Business Glossary support in Google Data Catalog

A custom model

Ricardo Mendes
Google Cloud - Community
10 min readNov 11, 2020

--

06/30/2023 note: Business Glossaries are now natively supported by Dataplex, which makes the approach proposed in the present article obsolete.

More and more companies migrate their data workloads to the cloud every day. At the same time, new data protection regulation programs become effective around the globe. Such simultaneous events lead companies to enforce their Data Governance standards intending to avoid legal charges due to inappropriate data management.

Data Governance frameworks are hence becoming more common, but providers do not necessarily speak the same language — what any of us could undoubtedly expect as each player has their own strategies to tackle problems… On the other hand, customers have distinct requirements that are not fulfilled by a single platform. This brings something new to the market: the need for integrating complementary tools in order to build stronger Data Governance ecosystems.

Metadata Management is a standard building block of Data Governance frameworks, and the so-called Business Glossary component helps me to bring up a clear example of the scenario described in the previous paragraph.

A Business Glossary differs from a Data Dictionary in that its focal point, Data Governance, goes beyond a Data Warehouse or database. A Business Glossary is a means of sharing internal vocabulary within an organization. Most Business Glossaries share certain characteristics such as standard Data Definitions and documentation of them; clear definitions with explanation of exceptions, synonyms, or variants .

— datadiversity

Among other reasons, companies use it to:

  • Enable understanding of the core business concepts and terminology.
  • Highlight how vocabulary may differ across business functions.
  • Increase trust in a company’s data.
  • Reduce the risk that data will be misused due to an inconsistent understanding of the business concepts.

Although a first-class citizen of products such as Alex, Ataccama, IGC, and Informatica, it is not part of Google Cloud’s Data Catalog, which is more focused on simplifying Data Discovery at any scale.

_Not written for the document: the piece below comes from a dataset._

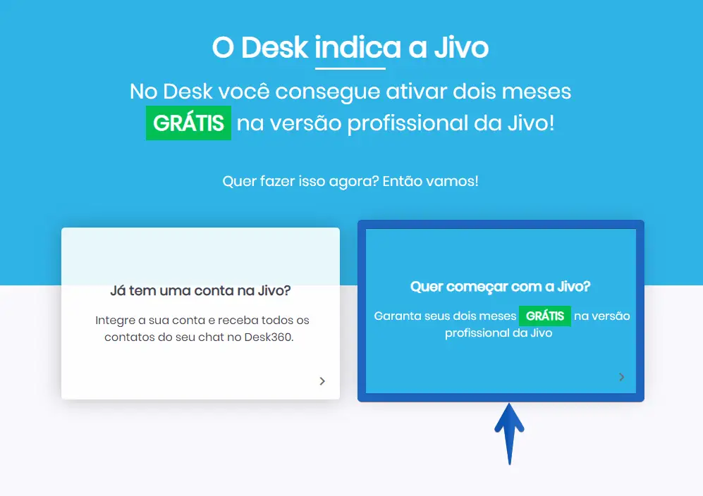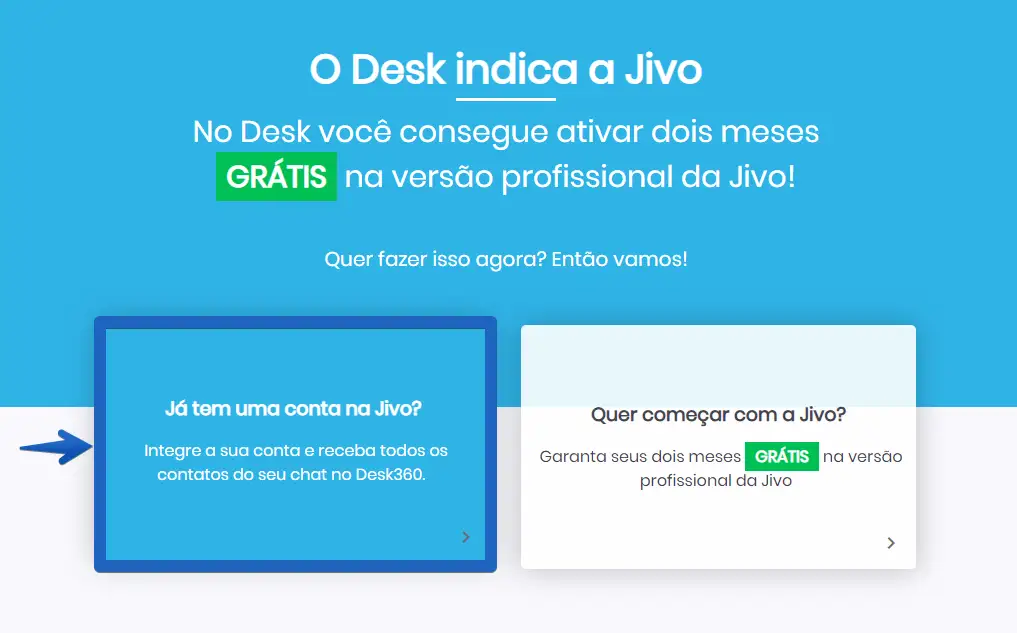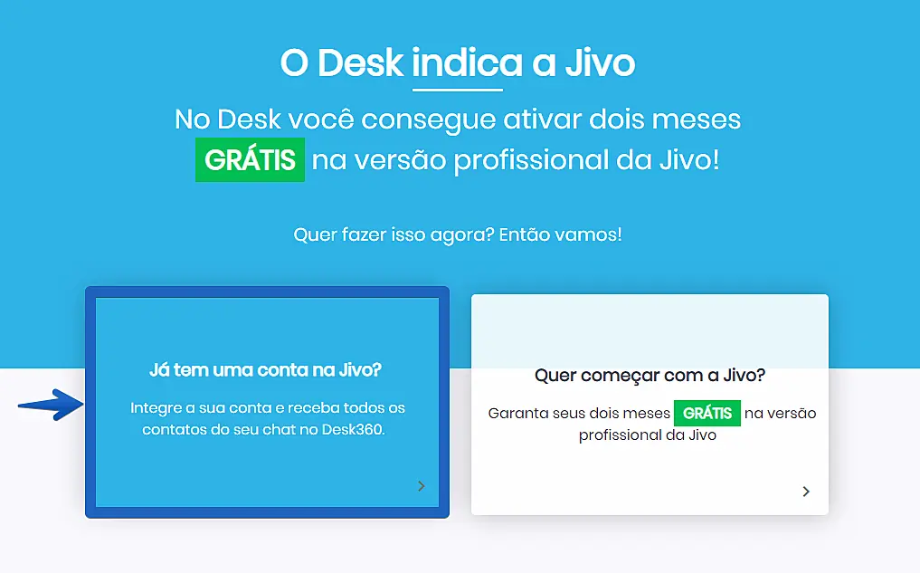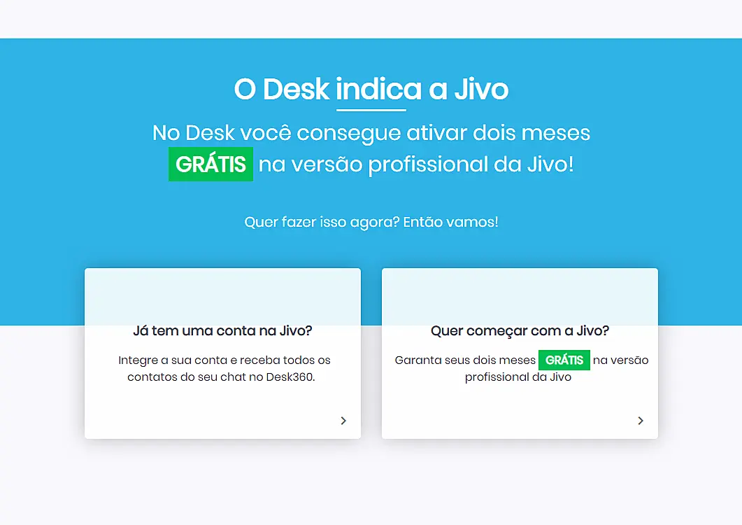 Acesse seu painel do Desk360 e siga para "Integrações" -> "JivoChat".

One might wonder whether Data Catalog Tags address the issue of describing and classifying data assets. I agree; they do. So why do we need a Glossary? Because a Glossary is more than this. Let me use two additional features to clarify: (1) its resources are usually organized in a category-based hierarchy for better user experience; and (2) there are particular relationships between Glossary Terms that can result in collaboratively built knowledge, e.g. synonyms lists. Data Catalog does not natively support such features.

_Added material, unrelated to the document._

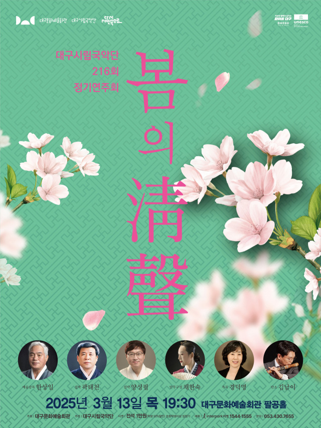 대구시립국악단 제216회 정기연주회가 3월 13일 저녁 7시 30분 대구문화예술회관 팔공홀에서 열립니다.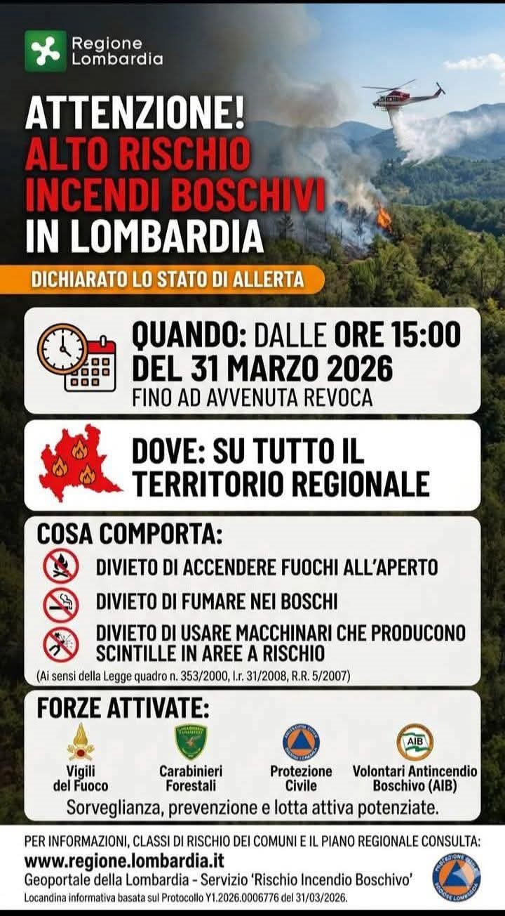Si comunica che Regione Lombardia ha emanato il TERMINE DEL PERIODO AD ALTO RISCHIO PER GLI INCENDI BOSCHIVI a partire dal giorno 13 aprile 2026. Di...

Well, what if a company interested in Google Data Catalog has Business Glossary support as a mandatory requirement? Is it a blocking issue? Not at all! Data Catalog’s flexible entity model plus fine-grained IAM Roles are helping hands for those who want to build elementary Business Glossary support on top of Google Data Catalog. This is what I’m going to cover in the following sections.

Disclaimer: all opinions expressed are my own, representing no one but myself… They come from the experience of being an early adopter of both Google Data Catalog and Egeria.

An Egeria-based custom model

There are multiple Business Glossary providers, each one with its proprietary entity models. Here Egeria comes into the scene: it is an Open Metadata and Governance project which promotes metadata exchange between tools and platforms.

Egeria’s metadata types are open, this is why I’m going to use them as a reference to explain the custom model in Google Data Catalog. But, anyway, the model is expected to be adaptable/extensible to fit real-life requirements even when the glossary metadata come from other sources — hopefully, my reasoning will be good enough to make it clear for you :).

The Open Metadata Types are organized in 7 areas, with Glossary and Semantics covered in Area 3.

More than providing the Open Metadata Types, Egeria actually works as an enterprise metadata “broker”. Although it is possible to connect Egeria and Data Catalog through the Open Connector Framework (OCF), this is out of this article’s scope. The focus here is on designing a custom model for Business Glossary support in Data Catalog, simply leveraging Egeria types as a reference.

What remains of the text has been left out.